Но она не могла успокоиться: а как же это? а как же то? Сказала, что знает, с Халле проблем не будет, но вот ей хочется знать, ладит ли учитель со всеми Полями и Сиксо.
– Да, мэм, – сказала я. – Вроде бы так.
– Они действительно делают то, что он им велит?
– Им и велеть-то ничего не нужно, мэм.
– Хорошо. Это милость божья. Я, конечно, спущусь вниз через денек-другой. Мне просто нужно немного отдохнуть. Вот и доктор еще должен прийти. Завтра ведь, так?
– Вы сказали «черты», мэм?
– Что?
– Черты, свойства, мэм?
– Да. Ну, например, характерной чертой лета является жара. Характеристика – это основная черта, свойство, признак чего-то. Самое для этой вещи естественное.

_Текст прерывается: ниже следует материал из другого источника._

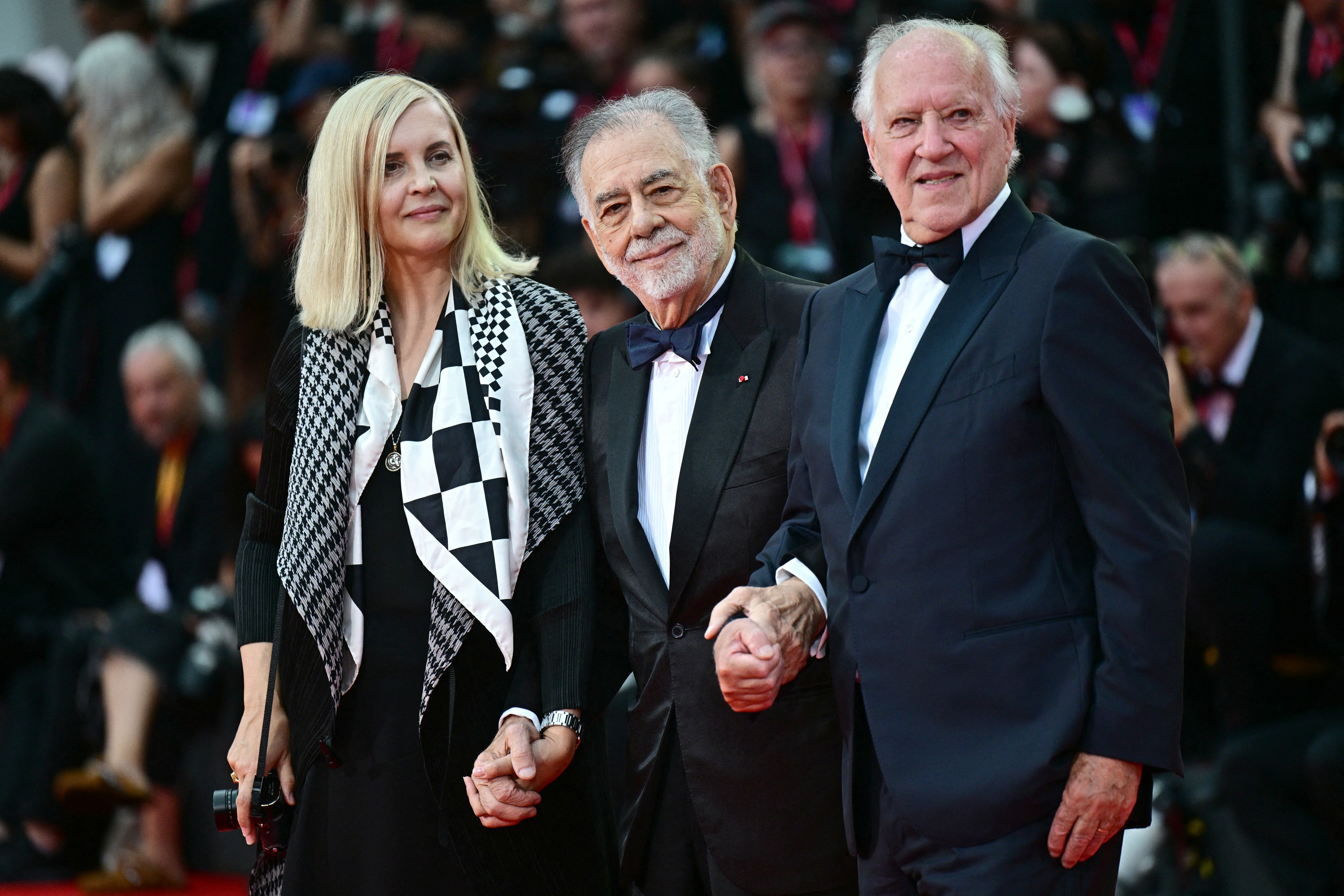 American director Francis Ford Coppola (center) with German director Werner Herzog (right) and visual artist Lena Herzog (left) posed for photos on the red carpet. The ceremony marked Coppola's first public appearance since undergoing heart surgery in early August. The Hollywood Reporter described Coppola as fully enjoying his time on the red carpet, even acknowledging the applause from fans on both sides.

– А их может быть больше, чем одна?
– Конечно, может, и даже довольно много. Вот тебе, пожалуйста: этот ребенок всегда сосет палец. Это одна из его характеристик, но у него есть и другие. Смотри, держи Билли подальше от Рыжей Коры. Мистер Гарнер никогда не давал ей телиться каждый год. Сэти, ты меня слышишь? Отойди от окна и слушай.
– Да, мэм, я все слышу.
– Попроси моего деверя подняться после ужина наверх.
– Хорошо, мэм.
– Если станешь мыть голову как следует, то и вшей у тебя не будет.
– У меня и нет никаких вшей, мэм!
– Ну, не знаю, а хорошенько вымыть голову тебе не мешало бы! И перестань чесаться. И не говори, что у нас мыло кончилось.
– Нет, что вы, мэм.
– Ну вот и хорошо. Сил у меня больше нет разговоры разговаривать. Ужасно они меня утомляют.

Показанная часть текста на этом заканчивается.